# How do you find the points on the ellipse 4x^2+y^2=4 that are farthest from the point (1,0)?

Sep 19, 2014

Let $\left(x , y\right)$ be a point on the ellipse $4 {x}^{2} + {y}^{2} = 4$.

$\Leftrightarrow {y}^{2} = 4 - 4 {x}^{2} \Leftrightarrow y = \pm 2 \sqrt{1 - {x}^{2}}$

The distance $d \left(x\right)$ between $\left(x , y\right)$ and $\left(1 , 0\right)$ can be expressed as

$d \left(x\right) = \sqrt{{\left(x - 1\right)}^{2} + {y}^{2}}$

by ${y}^{2} = 4 - 4 {x}^{2}$,

$= \sqrt{{\left(x - 1\right)}^{2} + 4 - 4 {x}^{2}}$

by multiplying out

$= \sqrt{- 3 {x}^{2} - 2 x + 5}$

Let us maximize $f \left(x\right) = - 3 {x}^{2} - 2 x + 5$

$f ' \left(x\right) = - 6 x - 2 = 0 R i g h t a r r o w x = - \frac{1}{3}$ (the only critical value)
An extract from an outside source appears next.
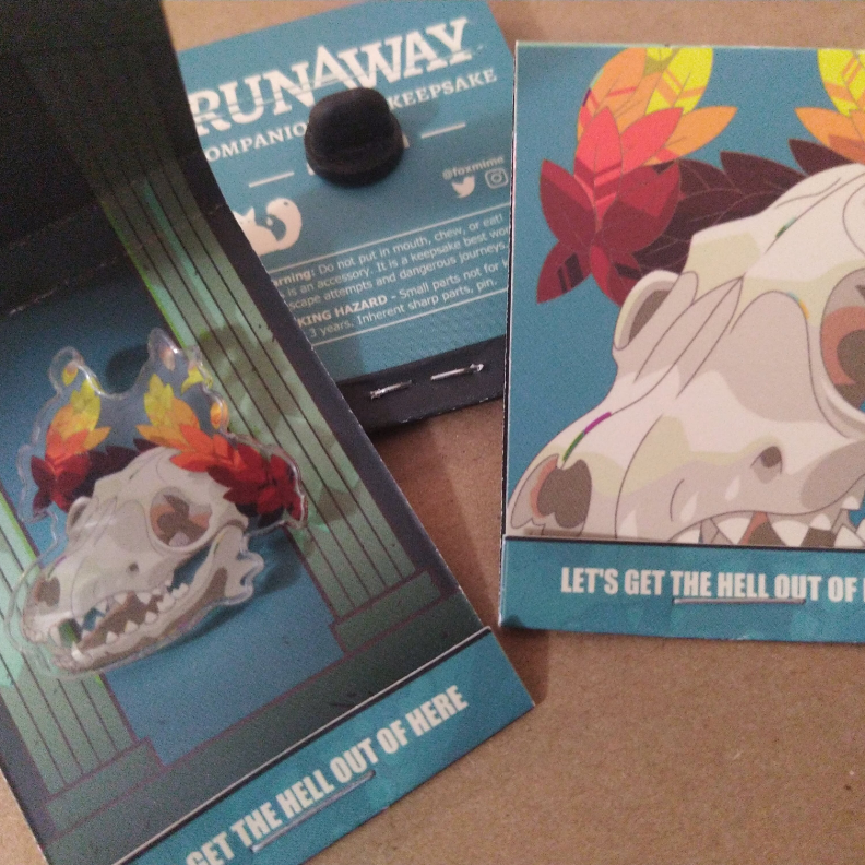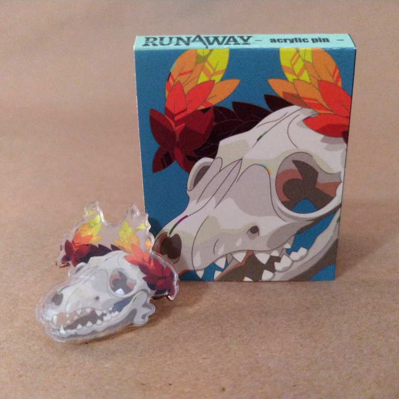 1 acrylic pin; this tough companion keepsake will stick by your side through any situation! The game inspired design shows a simplified fox skull with burning laurels. Its small size makes it easy to equip and tag along on your adventures.

$f ' ' \left(x\right) = - 6 R i g h t a r r o w x = - \frac{1}{3}$ maximizes $f \left(x\right)$ and $d \left(x\right)$

Since $y = \pm 2 \sqrt{1 - {\left(- \frac{1}{3}\right)}^{2}} = \pm \frac{4 \sqrt{2}}{3}$,

the farthest points are $\left(- \frac{1}{3} , \pm \frac{4 \sqrt{2}}{3}\right)$.